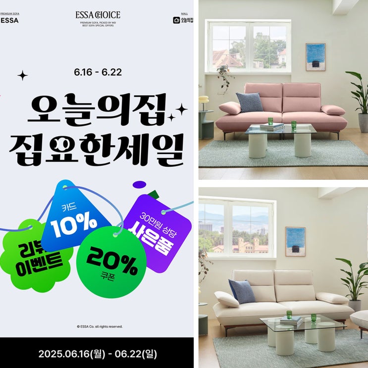 지금이 찬스! 6/22까지 오늘의집 단독 할인 에싸 패브릭소파 혜택 총정리 6월은 한 해의 절반 시점이라 그...
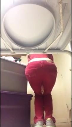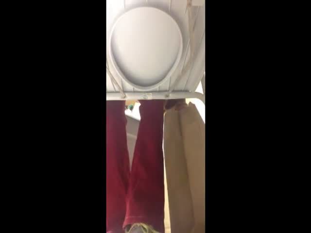 Amateur girl sits half naked on a white homemade toilet as she's pooping a lot on bedroom floor.
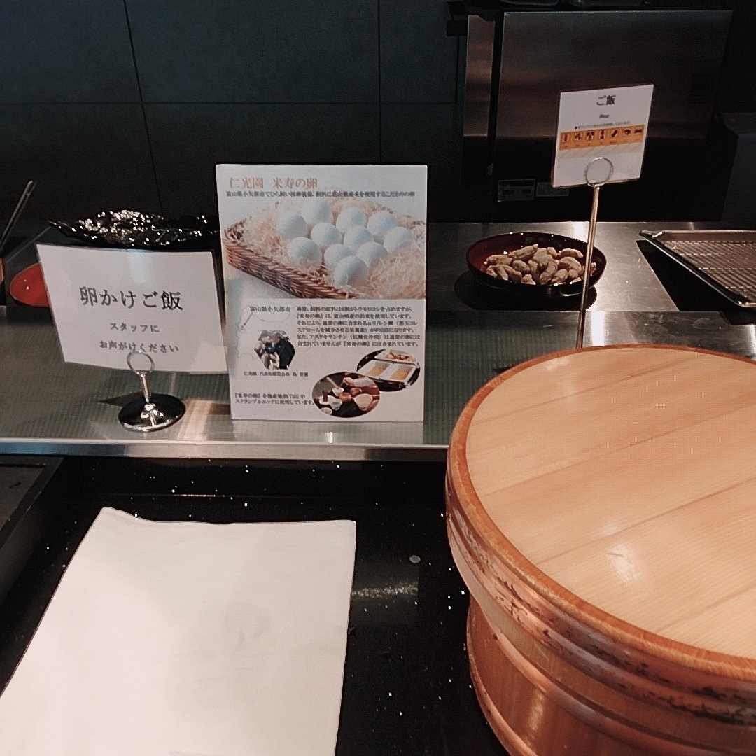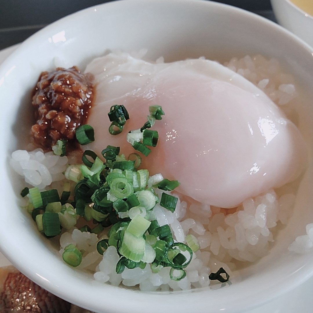 And the breakfast was exceptional! Starting with a rice bowl with raw egg, followed by poached eggs, soy sauce marinated foods, delicious Toyama rice, and sea bream, it was truly a luxurious breakfast. What a fantastic way to start the day with such a great meal! The only downside was that I couldn't use the sake stand that was available... I hope to enjoy it next time! 😭
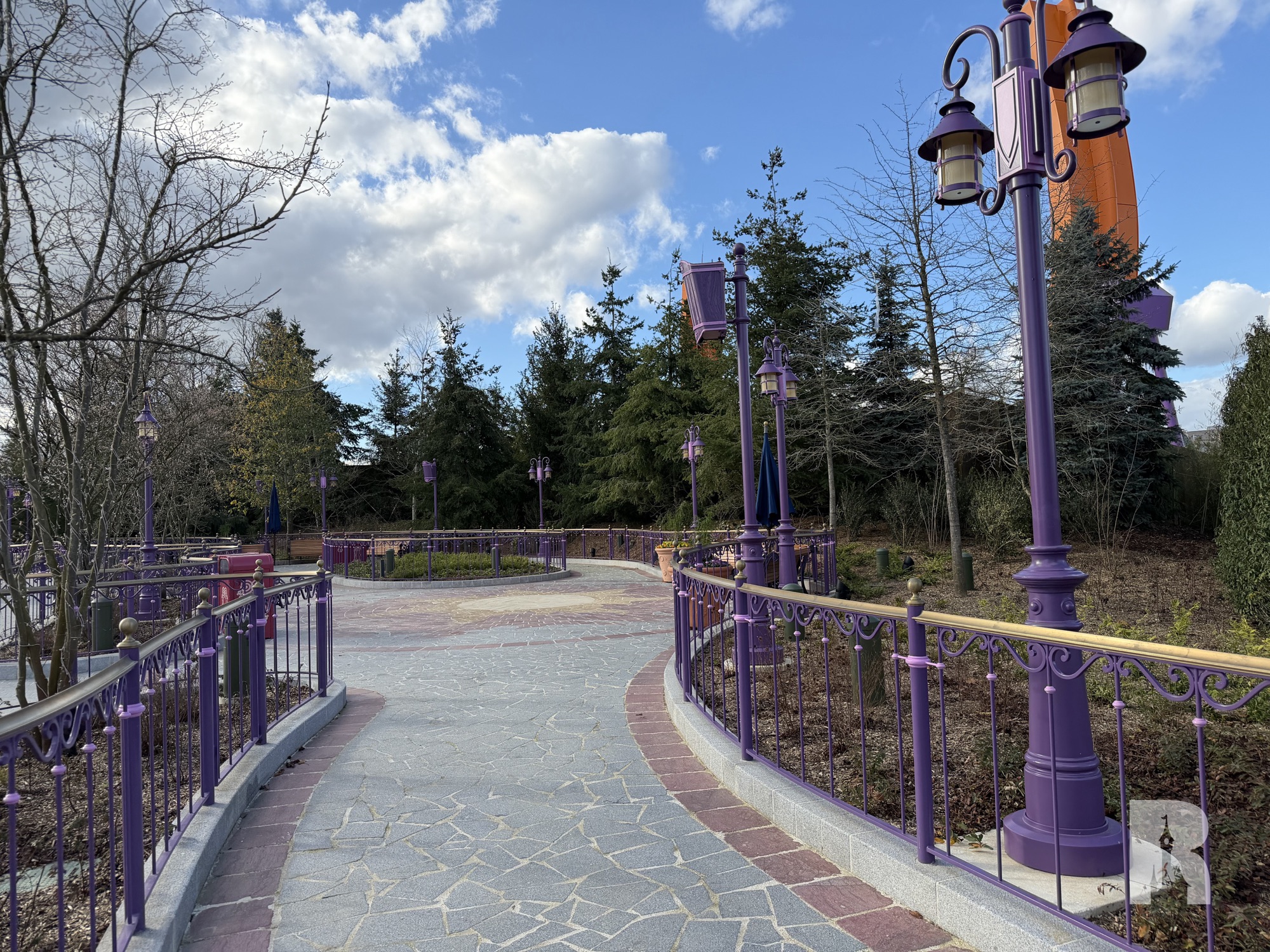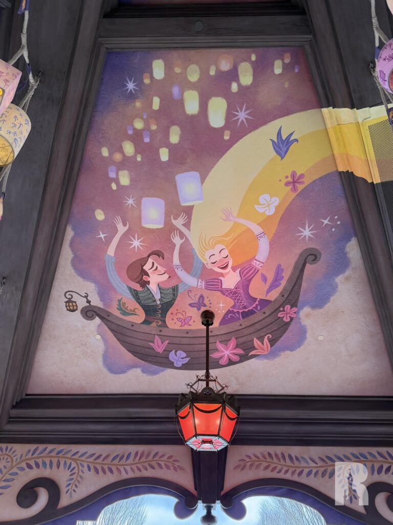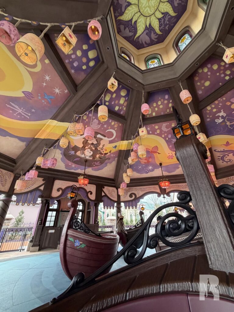 But Adventure Way isn’t just a road, it’s sprinkled with a number of attractions (and future attractions). The idea for this area is not to fully immerse guests in the story (like the “worlds” around the lake) but rather create a garden-like area inspired by Disney stories. “Raiponce Tangled Spin” is the most prominent result of this approach.
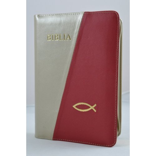 Biblie din piele, marime medie,bej-rosu cu peste, fermoar, index, margini aurii, cuv. lui Isus cu rosu [SB 057 PFI]
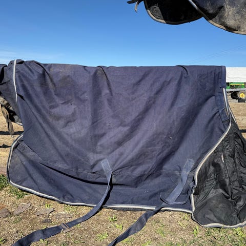 Godt brukt Horseware Amigo Plus dekken 250 gr. Str 145. Mangler en spenne i fronten, halsen mangler et borrelåsfeste. Reparert i flere omganger. 600 kr. Lånt bilde, se neste bilde.
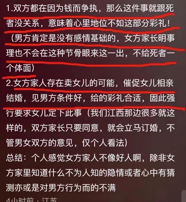 由于这件事太过炸裂,在网络上引发广泛讨论,有人说是骗彩礼,也有人应该关心新娘为何会死,她到底是经历了什么?
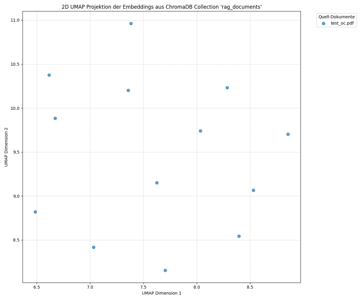 The graphic shows a two-dimensional projection of the vectors computed from the text sections (chunks) of a PDF document. Each point represents a section from the document, whose embedding is visualized in a vector space. The positions of the points in the diagram reflect the similarities between the individual text sections. Points that are closer together represent sections of the document that are more similar in content. Larger distances indicate that the corresponding sections are less thematically or semantically related.
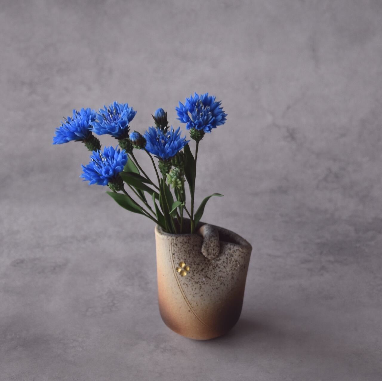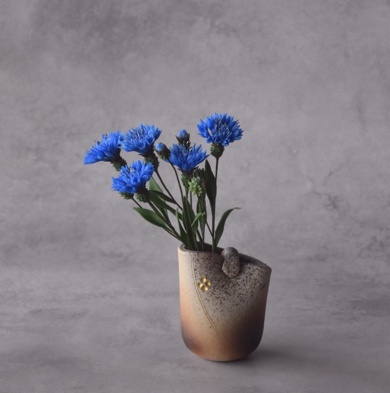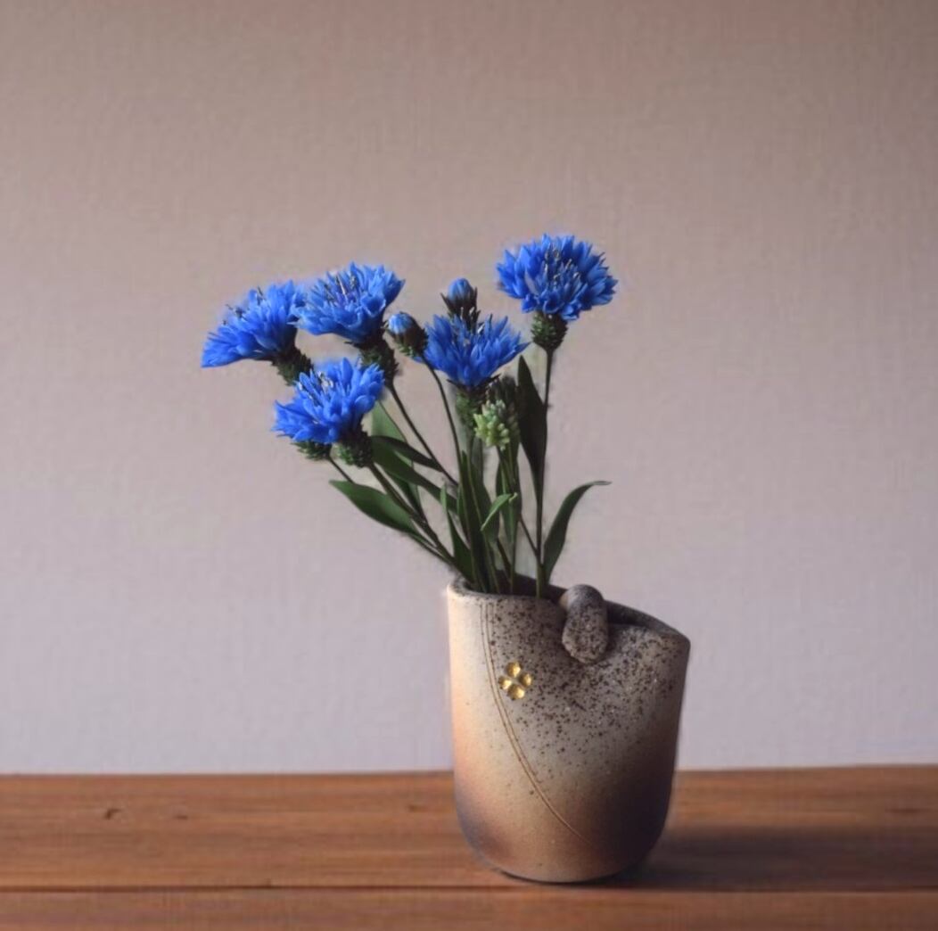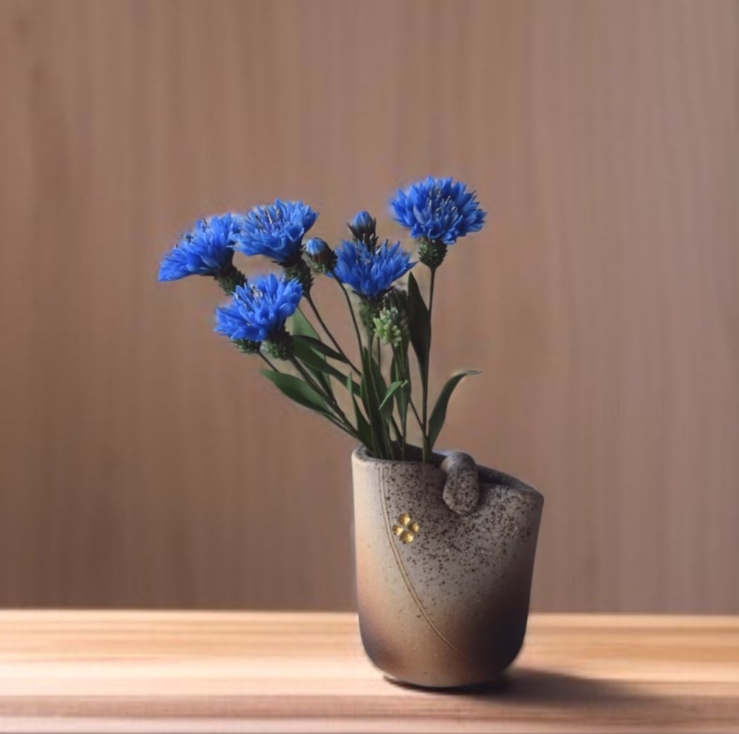◆粘土のお花◆ ヤグルマギク(矢車菊)(花瓶 信楽焼)T1216
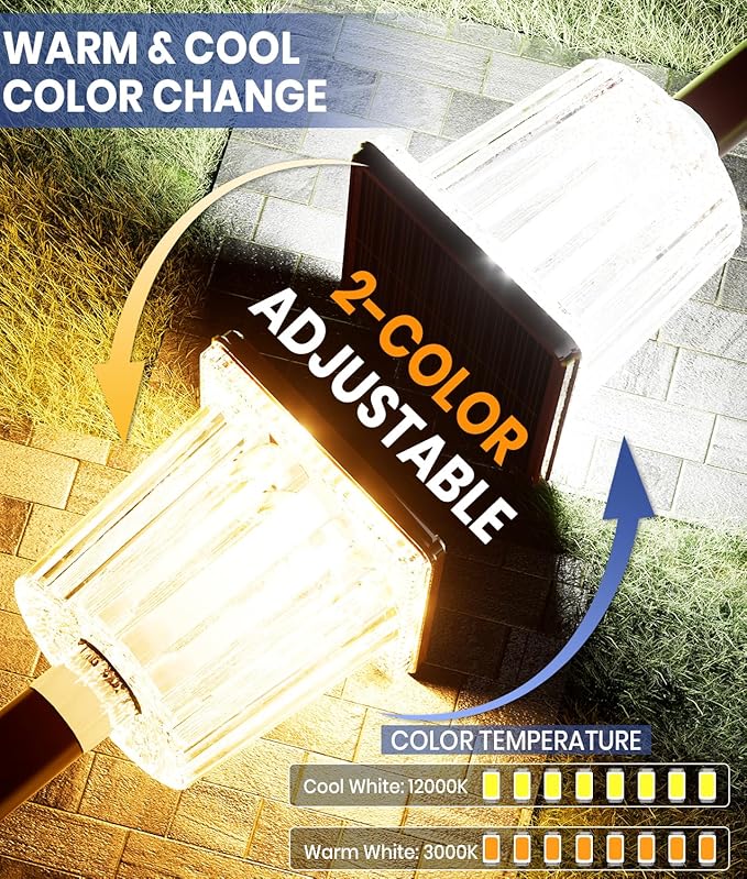 - 🌓 Dual-Tone Landscape Lighting System ▷§▁ Easily toggle the button on the back edge of the solar panel powered, change between adjustable warm white (fall/winter coziness❄️) and cool white (spring/summer vibes🌼). Adapt seasonally solar outdoor garden decor and create a holiday atmosphere moods outside lights for house.
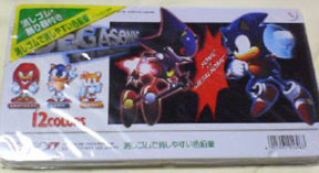 A 3-Pencil Pack. This is simply a carded pack of 3 ordinary Sonic theme pencils. In a somewhat unusual touch (for Japan) these actually have erasers. Finger waving stock Art Sonic is repeated all over every white pencil, and several stock arts are on the card packaging. What does it say at the top? "Pencils". The bottom just has Sega Copyright. Photo by SegaFreak. |
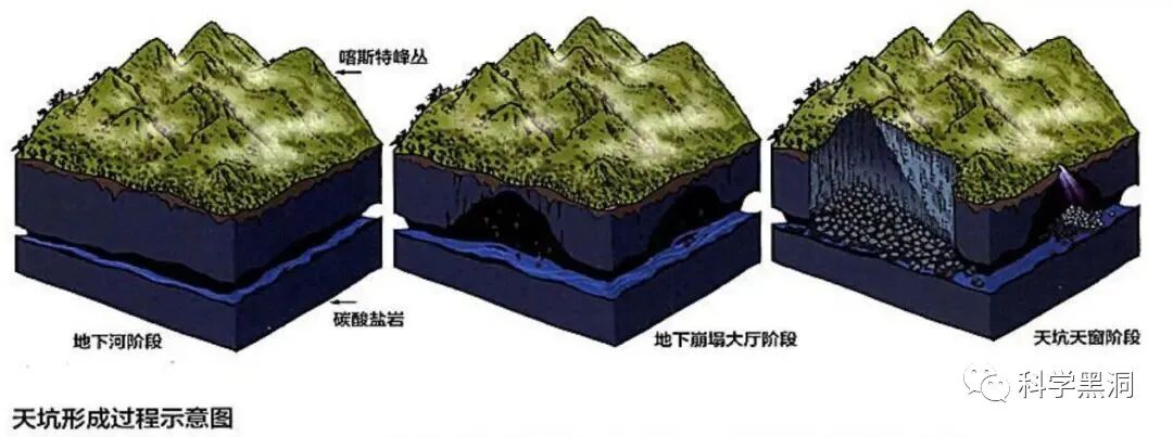 科学上来讲天坑就是喀斯特地貌或者说是岩溶,简单来理解就是水对岩石的冲刷溶蚀作用。
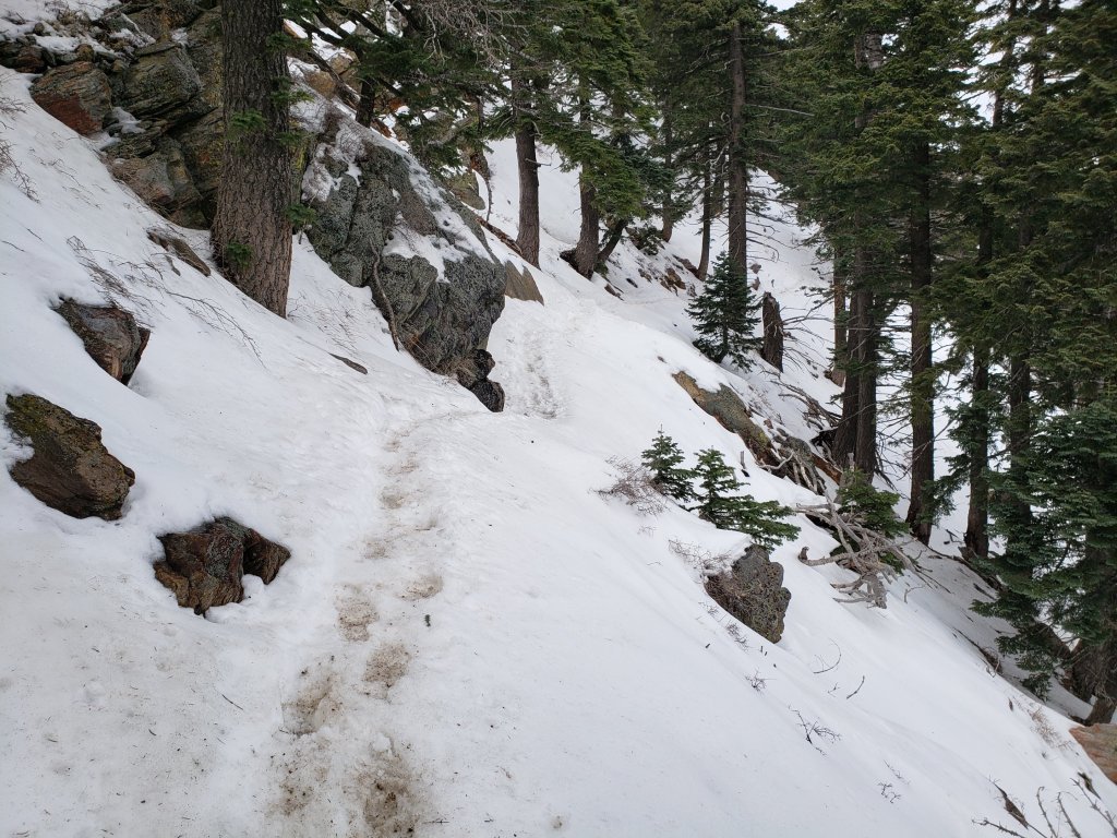 Devil’s Slide Trail has a well-worn track to follow, and microspikes are very useful. Snow cover is patchy and spikes are not essential below 7000′, but higher up snow cover remains >90%.
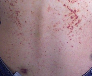 | 1. LESÃO 2. CLASSIFICAÇÃO 3. CAUSA | 1. PETÉQUIAS 2. MANCHA HEMORRÁGICA (PÚRPURAS)/TRANSITÓRIA 3. EXTRAVASAMENTO SANGUÍNEO |
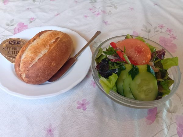 ★季節の生野菜サラダ ★パン シャキシャキのフレッシュサラダに、ライスかパンを選べるのでパンをチョイス。焼き立ての香ばしいパンは、外はカリッと、中はふんわりで、これだけでも美味しい〜。
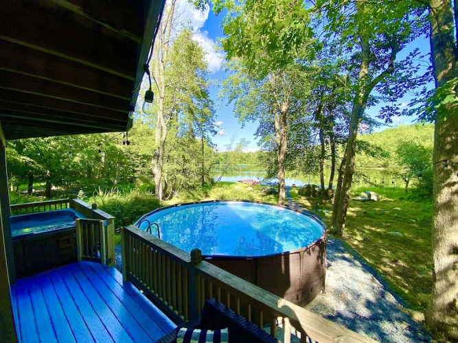 Отель Waterfront Chalet W hot-tub & Pool by RedAwning 3 звезды, адрес на карте Страудсберг, 436 Lakeside Drive, с описанием номеров и доступностью онлайн бронирования на ресурсе vashotel.ru , цены проживания и удобства.
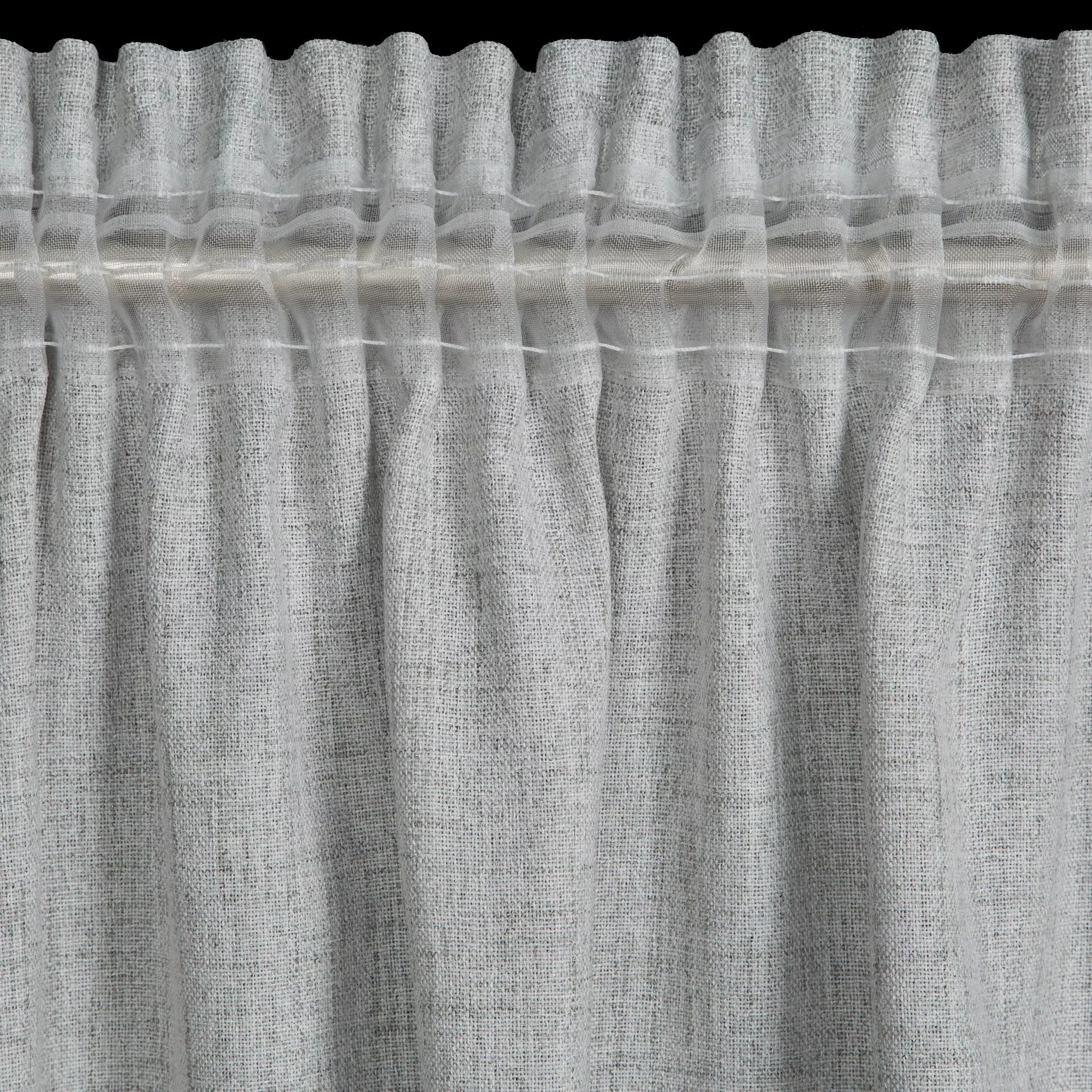Závěs Blanka, barva šedostříbrná, látka plátěného vzhledu, jemná stříbřitá melanž, řasící páska, tunýlek, velikost 140x280cm, možnost zkrácení

******************************

Take the records above from their first line through the line with "Amateur girl sits" and set those lines down word for word, minus the pictures.

 지금이 찬스! 6/22까지 오늘의집 단독 할인 에싸 패브릭소파 혜택 총정리 6월은 한 해의 절반 시점이라 그...
 Amateur girl sits half naked on a white homemade toilet as she's pooping a lot on bedroom floor.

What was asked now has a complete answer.